Después se vistieron y se impulsaron por la esclusa. La revuelta pared blanca del anillo F estaba ahí a su lado, estelas formadas por las agrupaciones más densas de escombros trenzadas, retorcidas, y la masa entera era muy llana, no la separaba más de diez metros de norte a sur con relación a Saturno. Esos diez metros no comprendían la altura de la ola, sino su anchura, lo cual suponía que era posible salir del hielo en cualquier momento, y ser divisado y recogido si se experimentaba cualquier clase de problema. La mayoría de las olas que Cisne había montado no se parecían a ésas, lo cual le resultó tranquilizador.

Se propulsaron más y más cerca de la pared blanca, hasta que Cisne logró ver trozos de hielo claramente diferenciados, que oscilaban en su tamaño de ser granos de arena a maletas, con el ocasional trozo de hielo del tamaño de un escritorio de hielo, o un ataúd, que se precipitaba en medio. Una vez vio una aglomeración pasajera del tamaño de una casa pequeña, pero al tiempo que lo veía se estaba desmoronando.

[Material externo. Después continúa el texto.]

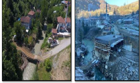
YENİCE İLÇESİ İNCEBACAKLAR KÖPRÜSÜ

21.10.2022 TARİHİNDE İHALESİ YAPILAN İŞİN MALİYETİ 2.870.571,00 TL
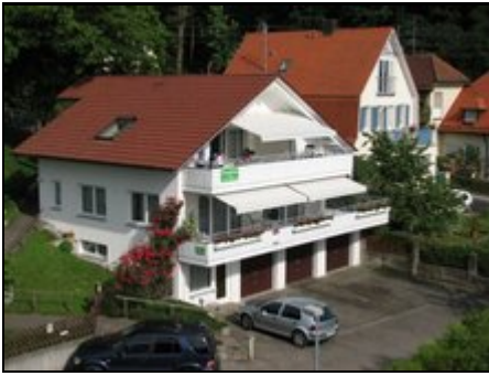
Aussenansicht, Haus Herter
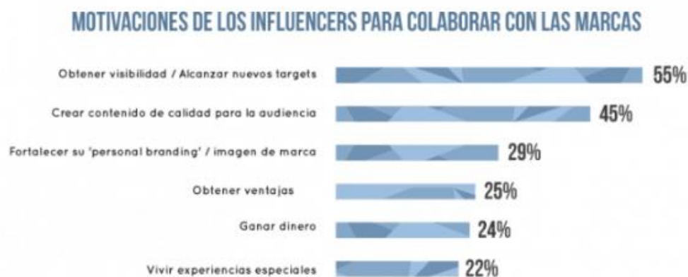
Gráfico 5: "Motivaciones de los influencers para colaborar con las marcas".

Basándonos en un estudio de Launchmetrics, la mayoría de los influencers aceptan las colaboraciones con las marcas para aumentar su visibilidad o mejorar la calidad de su contenido, no para enriquecerse.
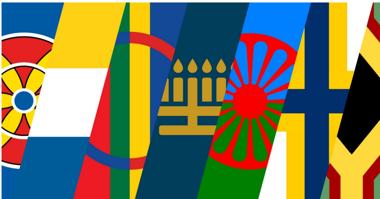
Symboler för de svenska minoriteterna.
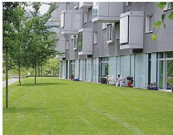
Andreaspark Zürich-Leutschenbach (Bob Gysin + Partner Phase 1; Fischer + Visini Architekten Phase 2. Bushaltestelle mit Durchzug? Unter dem Dach befindet sich ein Sandkasten. Hochfrisiertes Grün im Trog und auf dem Dach. Kunst als Wahrzeichen. Rudimentäre Raumbildung, keine Baumgruppen, minimale Pflanzenauswahl Aussenraumnutzung vergessen.

Un rizo blanco de la estela se separaba de la pared y caía sobre Saturno, que, a pesar del bulto que suponía a sus pies, no les llamaba la atención.

Cisne comprobó los impulsores mientras volaba en dirección a la ola, presionando con los dedos como un clarinetista, inclinada hacia adelante en un zigzagueo de factura propia. Los impulsores de un traje no eran muy distintos unos de otros. Volcó su atención en la ola que se aproximaba, alzándose sobre ella como una obra de Hiroshige, ésa en concreto con diez kilómetros de altura y en rápido ascenso. Tenía que girar y acelerar en la dirección que llevaba, pero no más rápido para evitar adelantarse a ella. Ésa fue la parte difícil…

Entonces se vio sobre la materia blanca, golpeada por pedazos diminutos. Se impulsó un poco para mantener la cabeza por encima de los restos, como si asomara por la espuma de una ola hecha de agua salada, pero los restos eran sólidos y se vio empujada hacia adelante por los golpes, en lugar de hacerlo por una masa de agua. Luego se situó a una velocidad pareja con la ola, con la cabeza asomando de ella para mirar a su alrededor, algo muy similar al surf clásico, y no pudo evitar reír. Tenía que gritar: volaba sobre una ola de hielo de diez kilómetros de altura. Aquella visión la llevó a abrir el canal común de radio, donde reinaba el estridente griterío de los demás surfistas.

Realmente la ola parecía más una rebanada de la misma, ancha como una habitación, a veces algo más gruesa de lo que lo era ella: una ola bidimensional, por así decirlo, de modo que daba la impresión de que se podía recibir un golpe lateral, o impulsarse en un ángulo erróneo y salir disparado accidentalmente por un lateral de la misma. Por tanto no podría sumergirse, caer de nuevo en la ola blanca, a la manera de un delfín. Tal vez algunos de los otros surfistas lo hicieran, pero Cisne tuvo la sensación de que podía perderse ahí. ¡Además, quería ver!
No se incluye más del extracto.